TASK GOAL = Return the data verbatim, without pictures.

SUPPLIED DATA =

=====

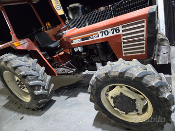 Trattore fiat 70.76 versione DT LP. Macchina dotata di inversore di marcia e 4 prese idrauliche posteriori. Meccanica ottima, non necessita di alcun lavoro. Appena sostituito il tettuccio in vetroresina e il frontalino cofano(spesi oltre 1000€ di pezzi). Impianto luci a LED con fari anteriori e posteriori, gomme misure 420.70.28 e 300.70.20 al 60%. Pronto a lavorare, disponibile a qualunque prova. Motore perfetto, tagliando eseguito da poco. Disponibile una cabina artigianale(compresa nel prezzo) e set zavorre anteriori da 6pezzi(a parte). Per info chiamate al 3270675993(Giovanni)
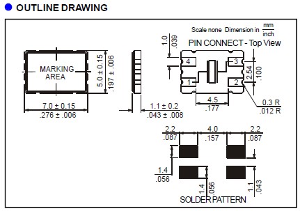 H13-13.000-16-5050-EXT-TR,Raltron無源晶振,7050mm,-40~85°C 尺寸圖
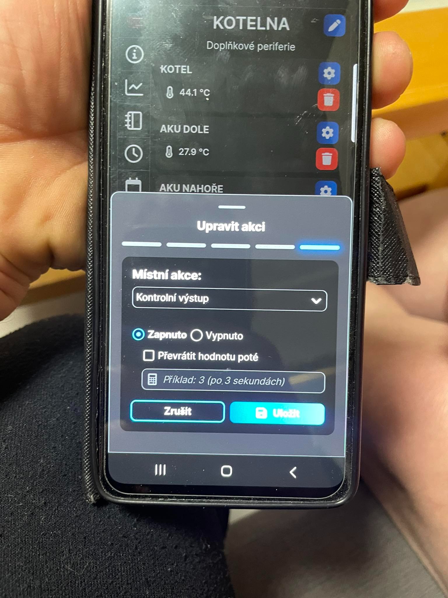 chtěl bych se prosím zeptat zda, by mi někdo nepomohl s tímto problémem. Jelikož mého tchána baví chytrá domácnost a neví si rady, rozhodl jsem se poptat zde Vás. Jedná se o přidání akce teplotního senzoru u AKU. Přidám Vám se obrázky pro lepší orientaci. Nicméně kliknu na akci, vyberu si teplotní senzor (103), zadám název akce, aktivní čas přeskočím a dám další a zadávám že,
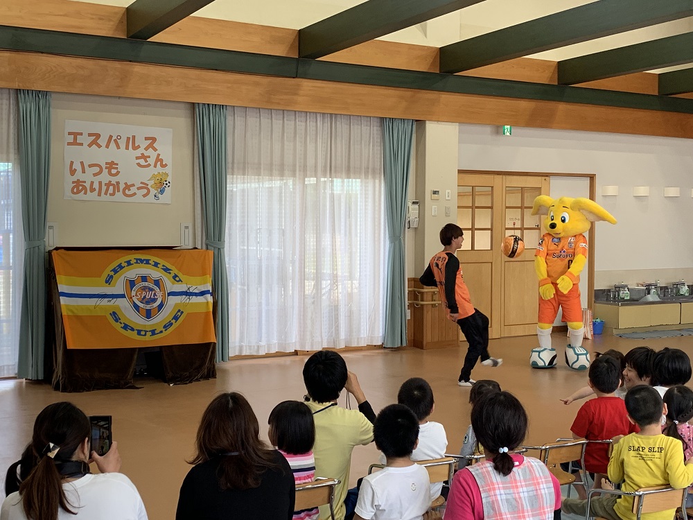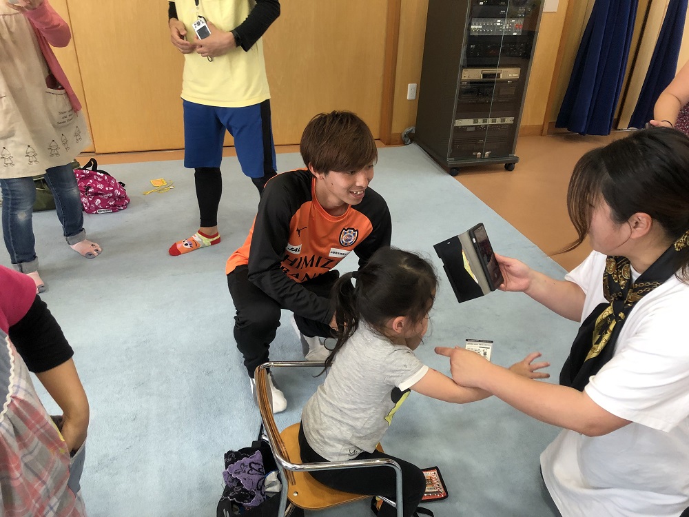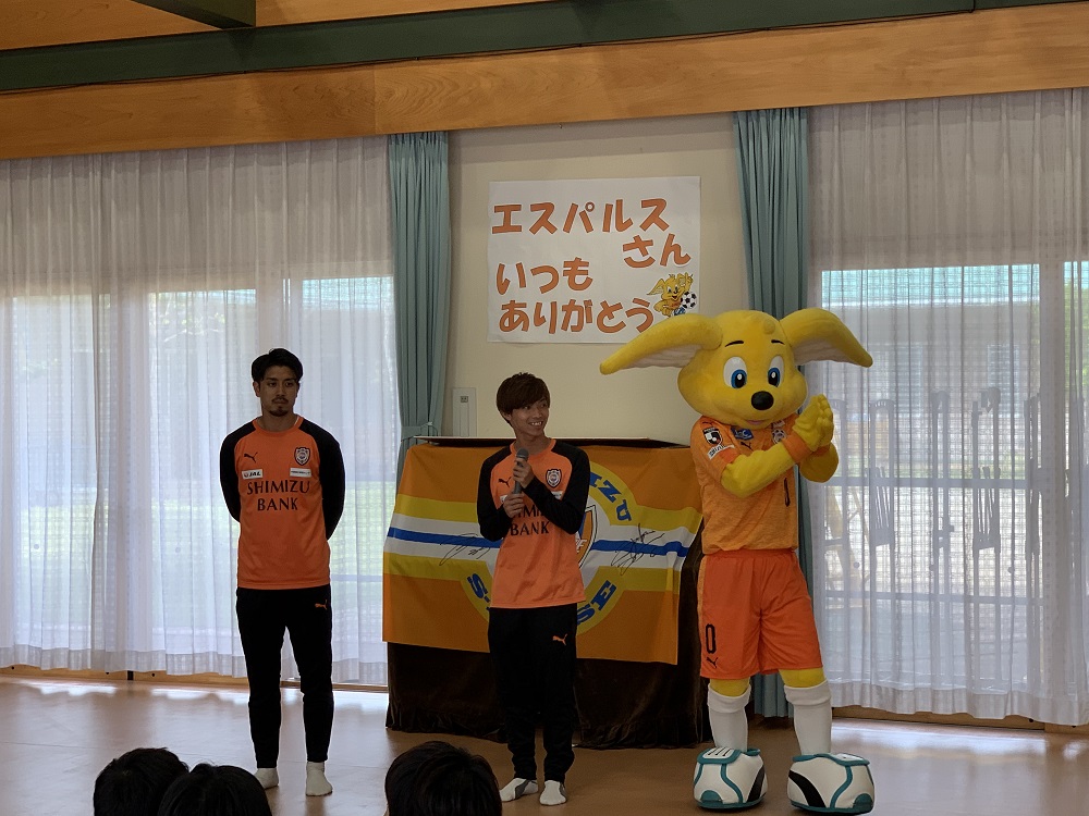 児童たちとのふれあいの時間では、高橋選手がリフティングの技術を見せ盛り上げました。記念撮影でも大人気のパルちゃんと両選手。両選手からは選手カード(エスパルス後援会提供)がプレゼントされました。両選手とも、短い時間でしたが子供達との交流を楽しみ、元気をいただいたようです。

=====

YOUR SOLUTION =
 Trattore fiat 70.76 versione DT LP. Macchina dotata di inversore di marcia e 4 prese idrauliche posteriori. Meccanica ottima, non necessita di alcun lavoro. Appena sostituito il tettuccio in vetroresina e il frontalino cofano(spesi oltre 1000€ di pezzi). Impianto luci a LED con fari anteriori e posteriori, gomme misure 420.70.28 e 300.70.20 al 60%. Pronto a lavorare, disponibile a qualunque prova. Motore perfetto, tagliando eseguito da poco. Disponibile una cabina artigianale(compresa nel prezzo) e set zavorre anteriori da 6pezzi(a parte). Per info chiamate al 3270675993(Giovanni)
 H13-13.000-16-5050-EXT-TR,Raltron無源晶振,7050mm,-40~85°C 尺寸圖
 chtěl bych se prosím zeptat zda, by mi někdo nepomohl s tímto problémem. Jelikož mého tchána baví chytrá domácnost a neví si rady, rozhodl jsem se poptat zde Vás. Jedná se o přidání akce teplotního senzoru u AKU. Přidám Vám se obrázky pro lepší orientaci. Nicméně kliknu na akci, vyberu si teplotní senzor (103), zadám název akce, aktivní čas přeskočím a dám další a zadávám že,
 児童たちとのふれあいの時間では、高橋選手がリフティングの技術を見せ盛り上げました。記念撮影でも大人気のパルちゃんと両選手。両選手からは選手カード(エスパルス後援会提供)がプレゼントされました。両選手とも、短い時間でしたが子供達との交流を楽しみ、元気をいただいたようです。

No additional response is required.